[sdiy] Retaining button state after power off?
Roman Sowa
modular at go2.pl
Sat Feb 1 23:20:13 CET 2014
I was refering to power cycles of the entire device and not each button
press, because the clean way to do it is to write last config state when
power is actually being turned off. PIC monitors power line, and if it
drops below some threshold, it initiates EEPROM write, which takes about
3ms. Power lines usually don't drop nearly that fast so it will be
finished before the raill goes to, say, 2V. That's why insane daily
rebooting gives 100 years, while more civilized use means impossible to
imagine 1000 years of operation.
And as a side note about Polysixes, as I did a few myself - always
replace the NiCad with a socket for CR2032. That one does not leak, and
works for decades. I have seen 30-year old synths with lithium battery
still in fair condition. So battery is not a bad thing in general, NiCad is.
Roman
W dniu 2014-02-01 19:07, Tom Wiltshire pisze:
> I agree with Roman.
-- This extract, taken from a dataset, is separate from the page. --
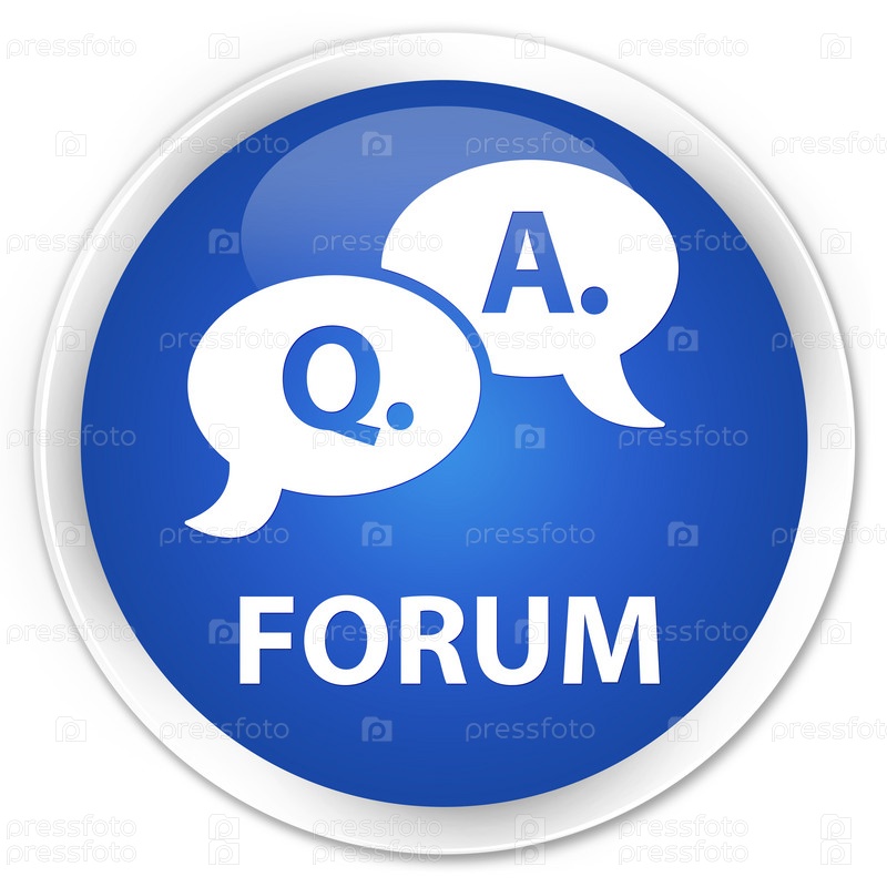 Форум (икона пузыря вопросов и ответов) премиальный синий круглый кнопка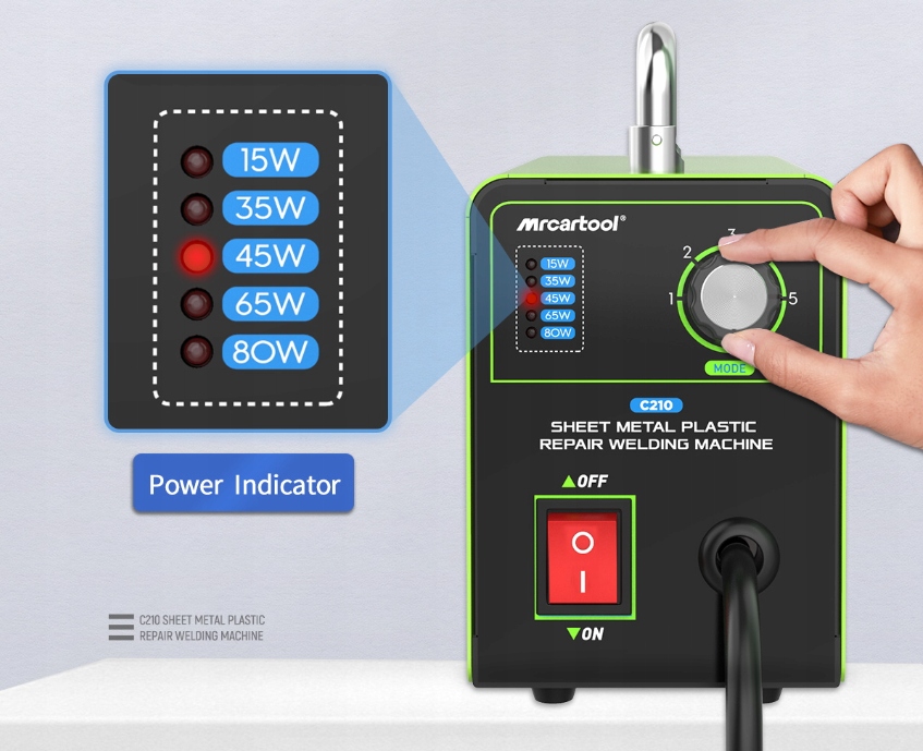 Mrcartool C210 может регулировать мощность в диапазоне 15 Вт, 35 Вт, 45 Вт, 60 Вт, 80 Вт в зависимости от модели. из различных пластиковых материалов, что позволяет сэкономить время и улучшить качество сварки.

The 12F EEPROM has an expected life of 1,000,000
> writes, so if you write the current setting to the EEPROM every time
> you press one of the buttons, most cheap buttons will fail before the
> EEPROM does. Of course, if you put expensive MEC buttons on it
> (10,000,000 operations expected life) then you probably will have to
> replace the uP at some point, if the rest of it hasn't died by then.
> It's an odd world we live in when a whole computer on a DIP costs
> less and takes up less space than a couple of flip-flops, but that's
> how it is.
>
> Personally, I don't like the CMOS+batteries idea, but then I've seen
> the inside of too many Polysixes. Ugh. Who'd want to add that feature
> to their design?!
>
> T.
>
>
> On 1 Feb 2014, at 16:26, Roman Sowa <modular at go2.pl> wrote:
>
>> With typical PIC12F family EEPROM endurance and ridiculous 20 daily
>> reboots of the device you still have way more than 100 years before
>> having to worry about endurance. And by that time the circuit will
>> be long dead because of dried capacitors, solder whiskers, dust,
>> humidity, worn out pots and switches, and electrostatic discharge.